YOUR GOAL:
Omit every picture, then give all the entries again exactly.

Data excerpts:

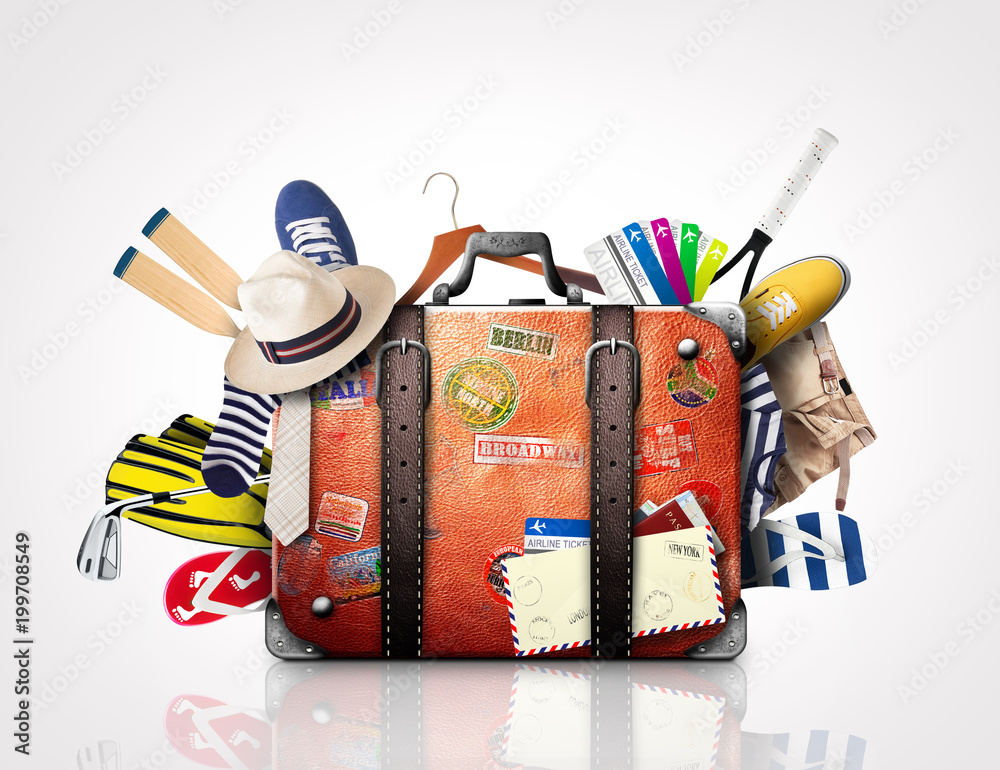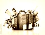 Retro suitcase of a traveler with travel stickers
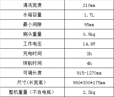 GTC-210B 經(jīng)過人體工學考量,具備伸縮手柄及可調(diào)刷頭角度設計。大容量鋰電保證續(xù)航時間長達4 小時。刷頭為難以到達的區(qū)域,如邊角、縫隙而設計。只須把刷頭安裝到卡槽上便可開展工作,靈活更換。
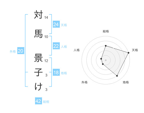 対馬 景子けさんを姓名の画数から五運を鑑定
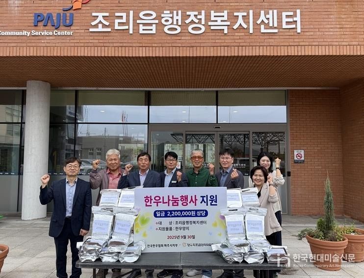한국현대미술신문 배윤섭 기자 | 파주시 조리읍은 지난 9월 30일 전국한우협회 파주시지부로부터 추석 명절을 맞아 220만 원 상당의 한우 양지 43kg을 기탁 받았다고 전했다.
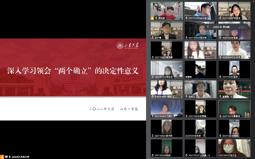 中国共产党第十九届中央委员会第六次全体会议公报指出,党确立习近平同志党中央的核心、全党的核心地位,确立习近平新时代中国特色社会主义思想的指导地位,反映了全党全军全国各族人民共同心愿,对新时代党和国家事业发展、对推进中华民族伟大复兴历史进程具有决定性意义。为深刻理解“两个确立”的依据与决定性意义,切实增强学生党员对“两个确立”的高度认同,3月29日,法学硕士第一党支部开展以“深入学习领会‘两个确立’的决定性意义”为主题的党课活动,本次活动于线上开展,支部全体党员、2021级法学硕士班入党积极分子、2019级本科学生党员参与活动,金沙集团1862cc成色党委副书记董雪梅到课指导。

YOUR SOLUTION:
 Retro suitcase of a traveler with travel stickers
 GTC-210B 經(jīng)過人體工學考量,具備伸縮手柄及可調(diào)刷頭角度設計。大容量鋰電保證續(xù)航時間長達4 小時。刷頭為難以到達的區(qū)域,如邊角、縫隙而設計。只須把刷頭安裝到卡槽上便可開展工作,靈活更換。
 対馬 景子けさんを姓名の画数から五運を鑑定
한국현대미술신문 배윤섭 기자 | 파주시 조리읍은 지난 9월 30일 전국한우협회 파주시지부로부터 추석 명절을 맞아 220만 원 상당의 한우 양지 43kg을 기탁 받았다고 전했다.
 中国共产党第十九届中央委员会第六次全体会议公报指出,党确立习近平同志党中央的核心、全党的核心地位,确立习近平新时代中国特色社会主义思想的指导地位,反映了全党全军全国各族人民共同心愿,对新时代党和国家事业发展、对推进中华民族伟大复兴历史进程具有决定性意义。为深刻理解“两个确立”的依据与决定性意义,切实增强学生党员对“两个确立”的高度认同,3月29日,法学硕士第一党支部开展以“深入学习领会‘两个确立’的决定性意义”为主题的党课活动,本次活动于线上开展,支部全体党员、2021级法学硕士班入党积极分子、2019级本科学生党员参与活动,金沙集团1862cc成色党委副书记董雪梅到课指导。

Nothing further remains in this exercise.